Fête Dimanche - Année B

Noël : Dieu montre aux hommes son amour et le sauver par sa présence

Chers frères et sœurs dans le Christ !

 Nous célébrons en ce jour la fête de Noël, la venue de Dieu parmi nous. Dieu a pris chair de notre chair par son Fils. Son désir est unique, montrer aux hommes son amour et les sauver par sa présence. Cette venue parmi les hommes est annoncée et préparée, depuis l’Ancien Testament jusqu’au Nouveau Testament, par les prophètes.

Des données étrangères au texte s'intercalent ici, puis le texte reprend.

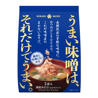 三年以上の長期熟成味噌󠄀を贅沢に使った即席みそ汁。味噌󠄀のおいしさを引き出す「味噌󠄀、かつおぶし、具」の究極にシンプルな設計です。
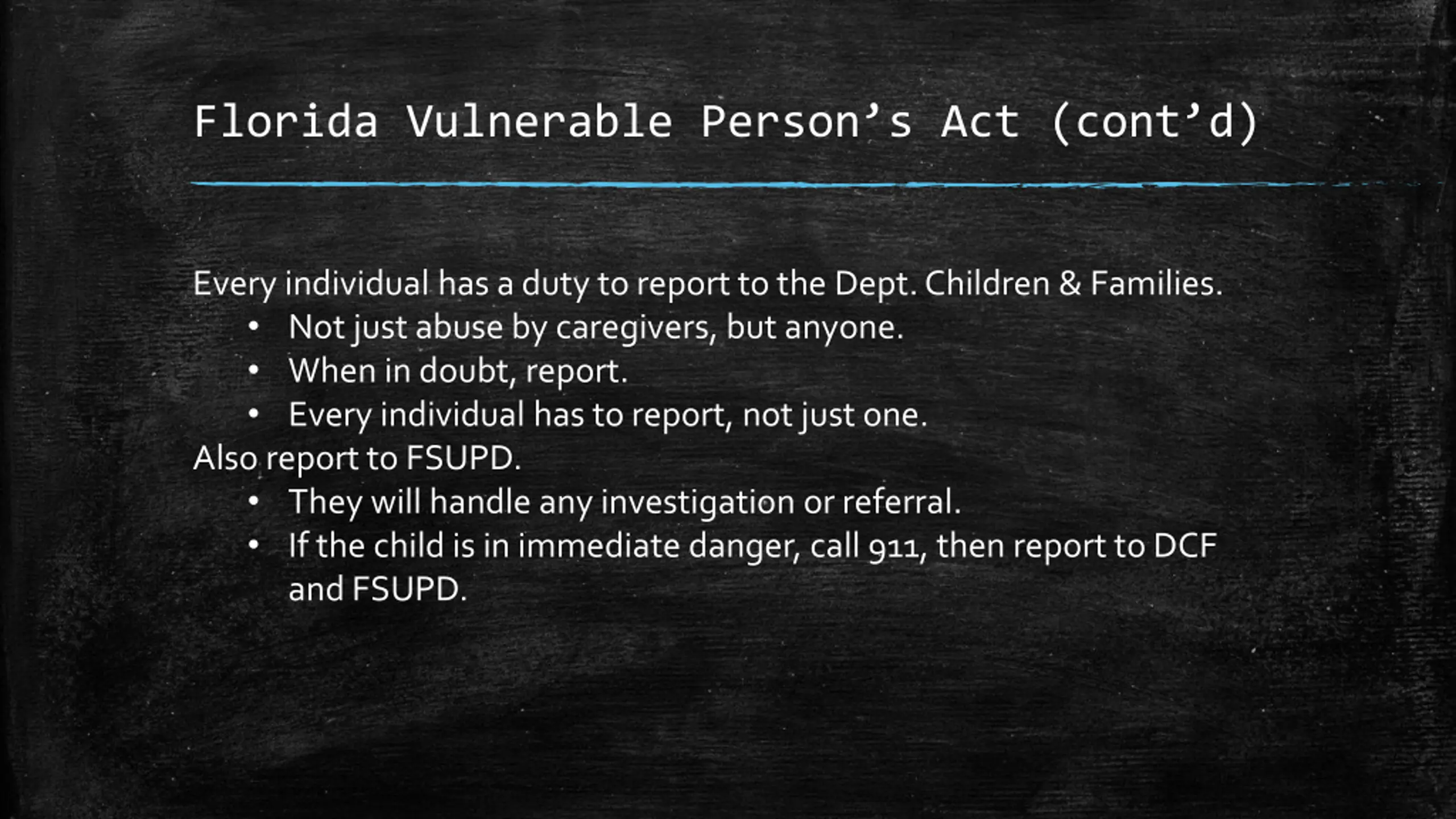 Florida Vulnerable Persons Act (contd) Every individual has a duty to report to the Dept. Children & Families. Not just abuse by caregivers, but anyone. When in doubt, report. Every individual has to report, not just one. Also report to FSUPD. They will handle any investigation or referral. If the child is in immediate danger, call 911, then report to DCF and FSUPD.
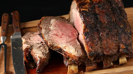 Known for an ultra-tender texture and rich flavor, the prime rib fittingly comes from the rib part of the cow. Because this area of the body doesn't get used much compared to other more muscular parts, the prime rib is a tender and sought-after cut. It being a fairly large cut of meat also means that it naturally has more moisture. There are some tricks to maximize that juiciness and get the most out of your prime rib. Try doing a reverse sear, a cooking method where you start by slow roasting and then finish with a high heat that locks in the juices and flavor with a caramelized crust.
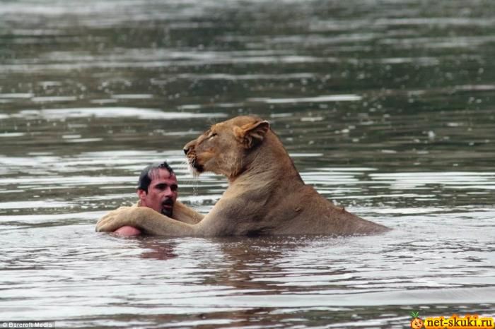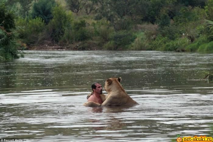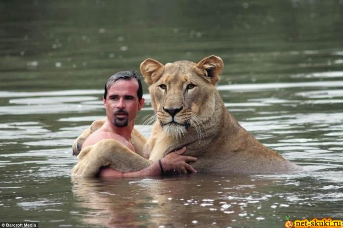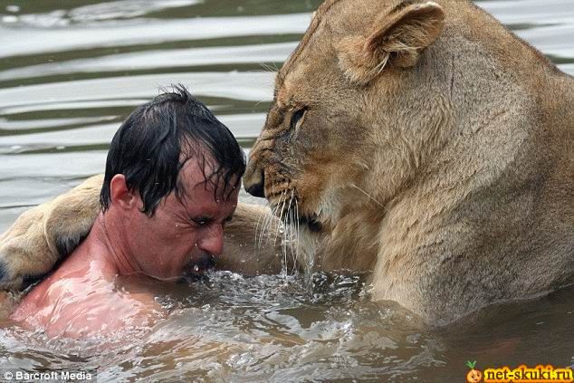 Кевин Ричардсон, зоолог и специалист по поведению животных очень любит искупнуться с львами. Они его уважают как своего, но до поры до времени. Видимо они тоже специалисты по поведению человека в дикой природе и стоит ему нарушить их законы то данный дядечка в секунду превратиться в завтрак. ![]() ![]() ![]()
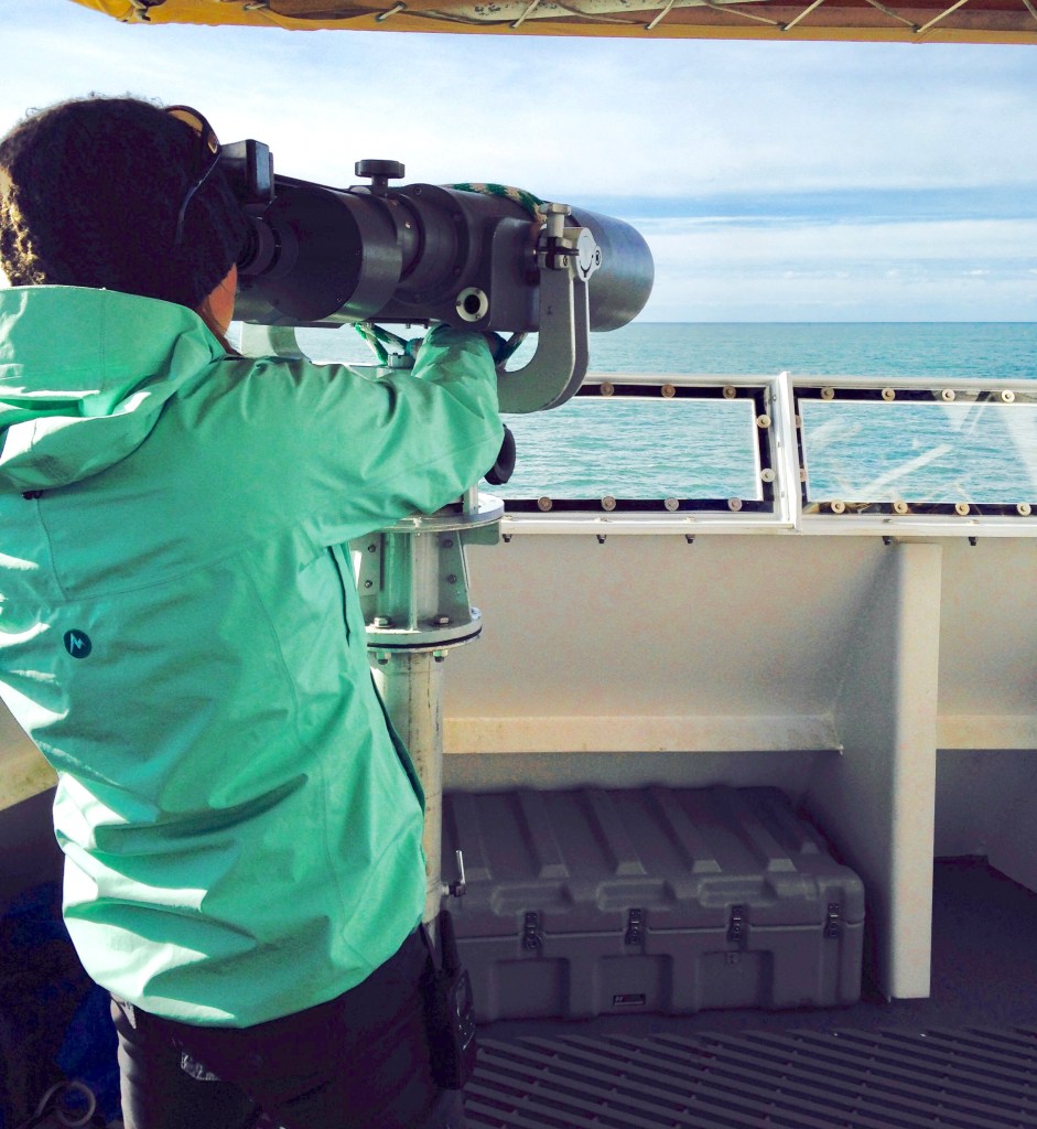 The third question I often get asked is “how did you even know this was even a job possibility and how did you get into this field?” Since I was young, I knew I wanted to study marine mammals and was fascinated with their behavior and their communication in particular. After many internships and volunteer opportunities in my undergraduate studies, I became a marine mammal trainer and research technician focusing on bio-acoustics. Bio-acoustics is an interdisciplinary field that combines the study of sound and biology, primarily relating to the sounds produced by living organisms relating to communication. The organisms that I have worked with include: California sea lions (Zalophus californianus), harbor seals (Phoca vitulina), southern sea otters (Enhydra lutris), northern elephant seals (Mirounga angustirostris), bottlenose dolphins (Tursiops truncatus) and killer whales (Orcinus orca). After about 8 years of using positive reinforcement training as a tool to conduct collaborative research with these charismatic animals, I made the tough decision to transition from working with marine mammals in this cooperative setting, to studying wild marine mammal populations, particularly endangered cetacean species.

Aujourd’hui nous lisons dans Isaïe comment le Seigneur est venu racheter son peuple et comment toutes les extrémités de la terre verront le salut de notre Dieu : « Qu’ils sont beaux, sur la montagne, les pieds de ceux qui portent la bonne nouvelle, qui annoncent le salut et la paix. » Parole émerveillée du prophète Isaïe (52,7), qui entrevoit avec espérance l’arrivée du sauveur de son peuple. En cette fête de la nativité de notre Seigneur, nous sommes toutes et tous appelés à être des porteurs de la bonne nouvelle du salut.

Chers enfants de Dieu !

Les pieds et les pas du missionnaire suscitent donc l’émerveillement, non pas parce qu’il annonce merveilleusement la Bonne Nouvelle ou qu’il laisse derrière lui un écho joyeux de cette annonce. C’est surtout parce qu’il a été envoyé et qu’il a toujours le regard tourné vers Celui qui l’a appelé et envoyé. Aussi, sa joie de témoigner reste fondée en priorité dans celle de croire. Ils sont encore plus beaux les pieds des messagers de la Bonne Nouvelle parce que Jésus les a lavés. Dans la culture de Jésus, laver les pieds de quelqu’un était un signe d’hospitalité et d’amitié. Un honneur offert, si vous êtes proche de votre hôte. Lui laver les pieds si vous êtes son subalterne ou son esclave, c’était reconnaître son pouvoir. Si vous étiez le maître et lui le disciple, lui laver les pieds était un service inouï, inattendu. Un signe d’amour sans égal !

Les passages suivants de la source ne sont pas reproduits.